------ RECORDS FOR THE TASK ------
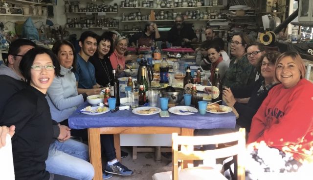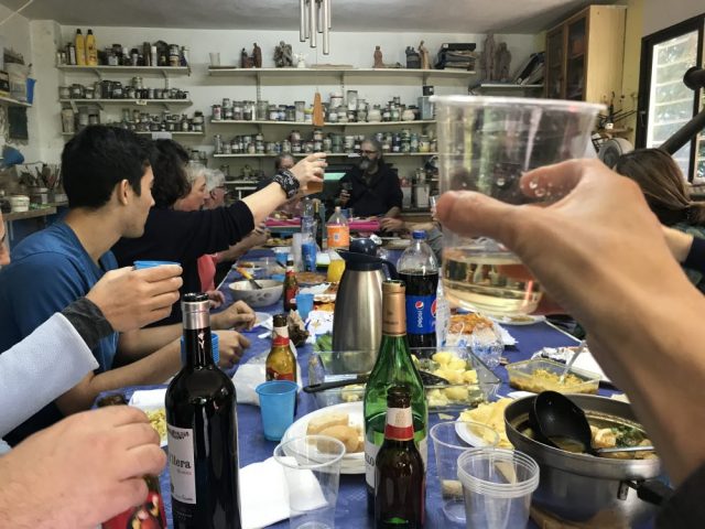 昨日の続き。「ピット・ファイアリング」の1日実習。全ての作品が釜に無事入り、さっそく始まる「打上げランチ」。
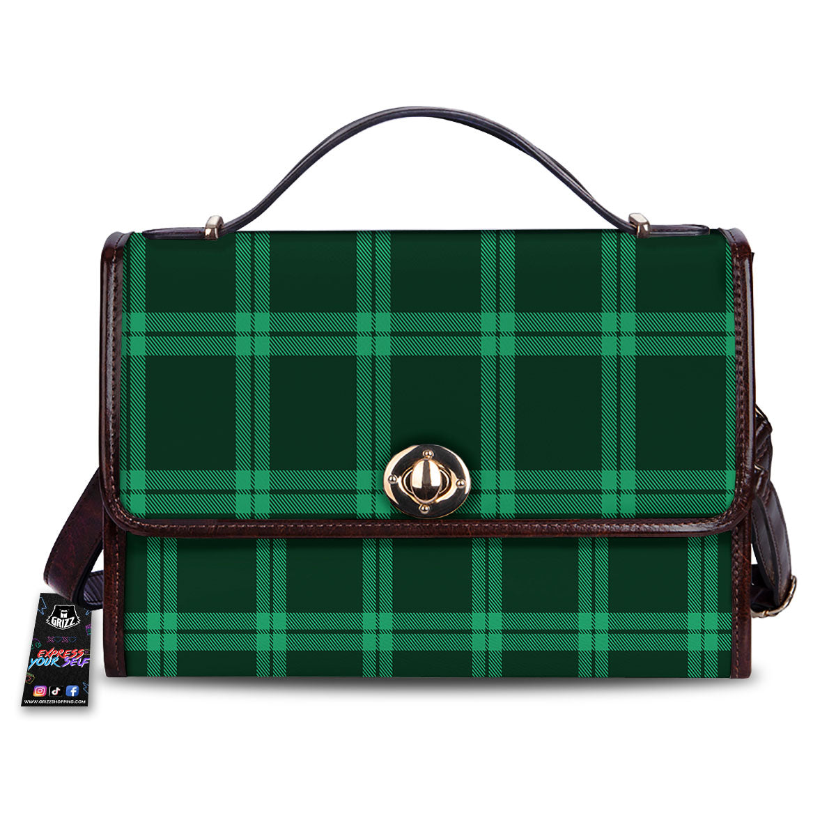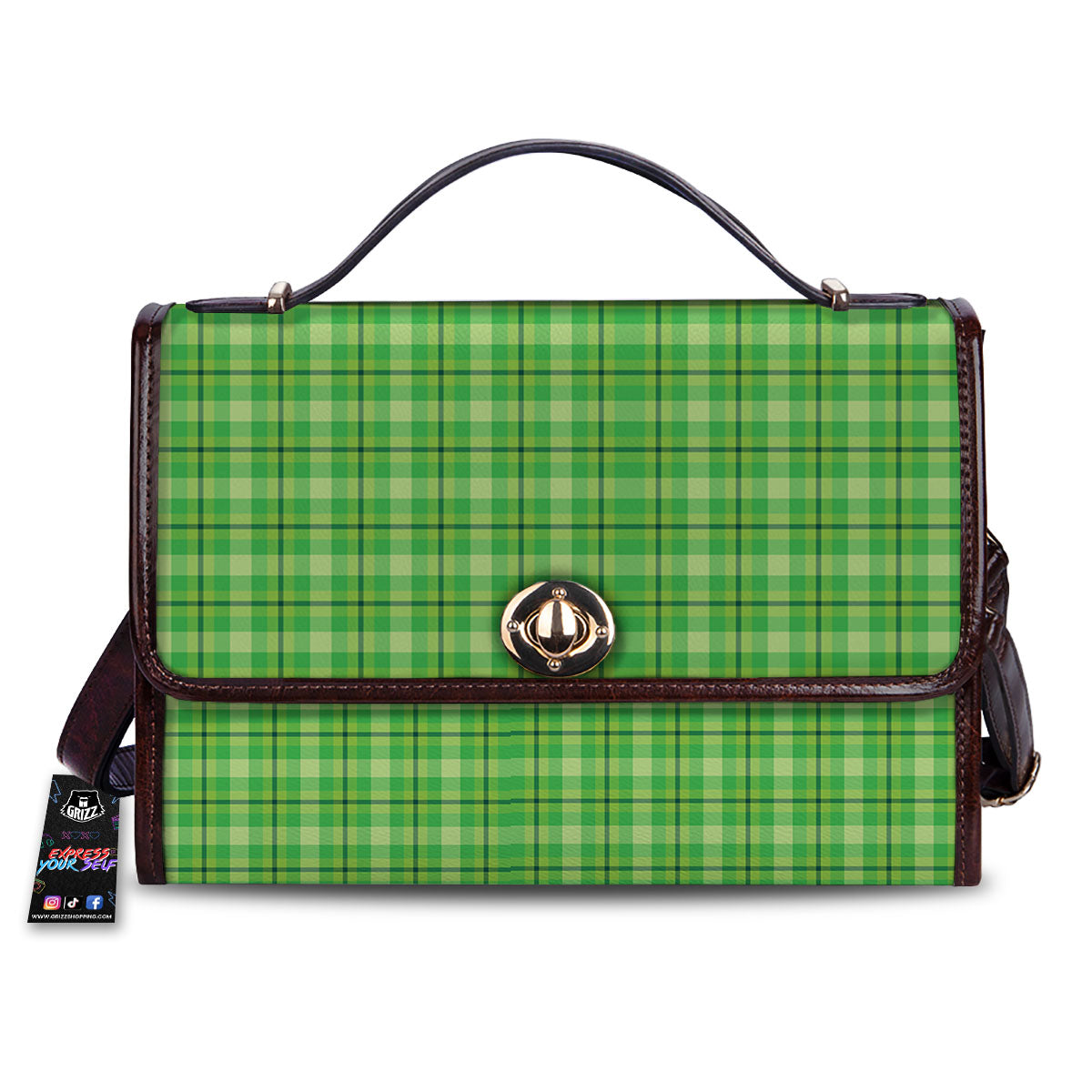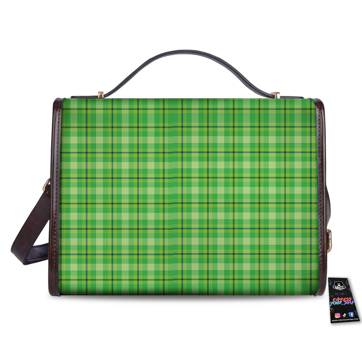 Green Plaid Shamrock Print Pattern Women’s Satchel Bag
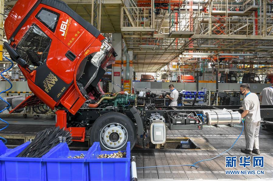 在位于長(zhǎng)春市的一汽解放總裝車間,工人在裝配車輛(6月19日攝)。中國(guó)第一汽車集團(tuán)披露,截至6月30日,集團(tuán)上半年共計(jì)生產(chǎn)整車162.23萬輛,同比增長(zhǎng)1.5%;銷售整車163.09萬輛,同比增長(zhǎng)2.3%。新華社記者張楠攝
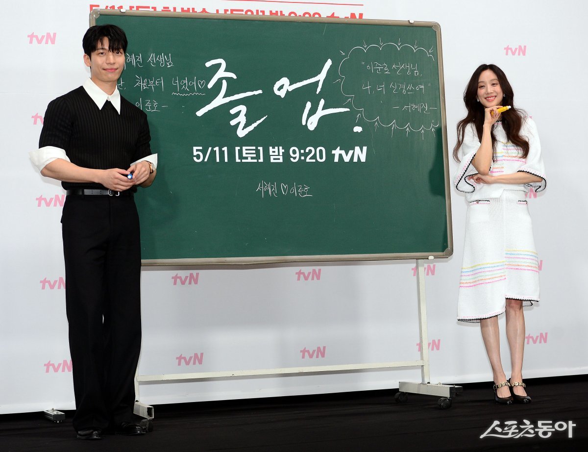 9일 서울 구로구 라마다 신도림호텔에서 열린 tvN 새 토일드라마 ‘졸업’ 제작발표회에 참석한 위하준과 정려원이 카메라를 향해 포즈를 취하고 있다.
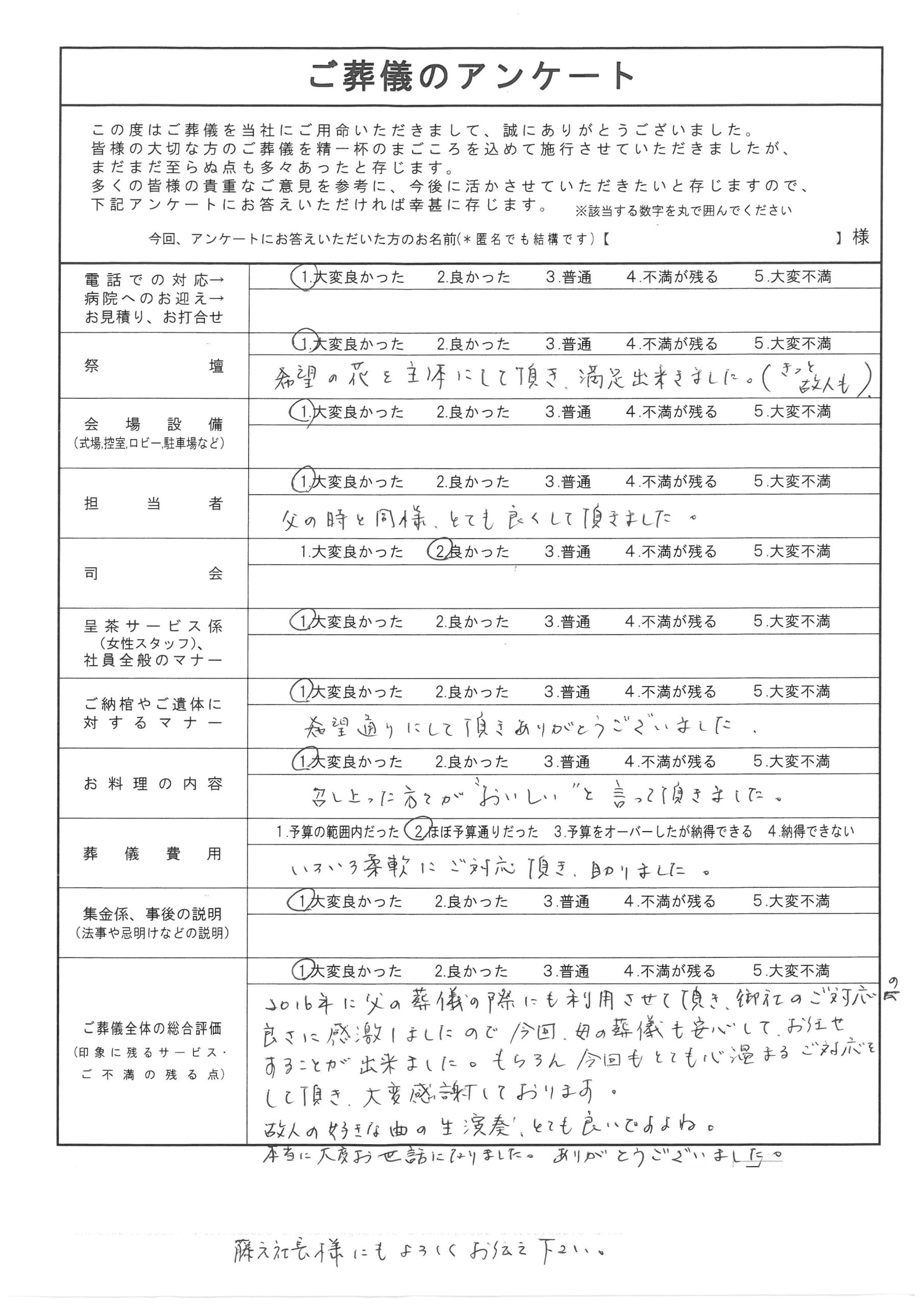 HOME > お客様の声 > 2022/05/10 | 宮崎市 K様弊社をご利用いただいたお客様より頂戴したアンケートを以下に掲載致します。お客様のお気持ちに寄り添ったご葬儀をご提案出来るようにこれからも更なるサービスの向上に心掛けていきたいと思っております。 社員一同
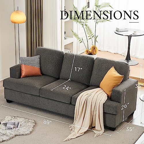 VanAcc 89 Inch Sofa, 3 Seater Sofa Couch with Extra Deep Seats, Modern Sofa Couch- Comfy Sofa Couch for Living Room Apartment Lounge, Grey Chenille
------
[WHAT THE TASK ASKS]: Write out the records above exactly. Pictures do not belong in the copy.

[OUTPUT OF THE TASK]:
 昨日の続き。「ピット・ファイアリング」の1日実習。全ての作品が釜に無事入り、さっそく始まる「打上げランチ」。
 Green Plaid Shamrock Print Pattern Women’s Satchel Bag
 在位于長(zhǎng)春市的一汽解放總裝車間,工人在裝配車輛(6月19日攝)。中國(guó)第一汽車集團(tuán)披露,截至6月30日,集團(tuán)上半年共計(jì)生產(chǎn)整車162.23萬輛,同比增長(zhǎng)1.5%;銷售整車163.09萬輛,同比增長(zhǎng)2.3%。新華社記者張楠攝
 9일 서울 구로구 라마다 신도림호텔에서 열린 tvN 새 토일드라마 ‘졸업’ 제작발표회에 참석한 위하준과 정려원이 카메라를 향해 포즈를 취하고 있다.
 HOME > お客様の声 > 2022/05/10 | 宮崎市 K様弊社をご利用いただいたお客様より頂戴したアンケートを以下に掲載致します。お客様のお気持ちに寄り添ったご葬儀をご提案出来るようにこれからも更なるサービスの向上に心掛けていきたいと思っております。 社員一同
 VanAcc 89 Inch Sofa, 3 Seater Sofa Couch with Extra Deep Seats, Modern Sofa Couch- Comfy Sofa Couch for Living Room Apartment Lounge, Grey Chenille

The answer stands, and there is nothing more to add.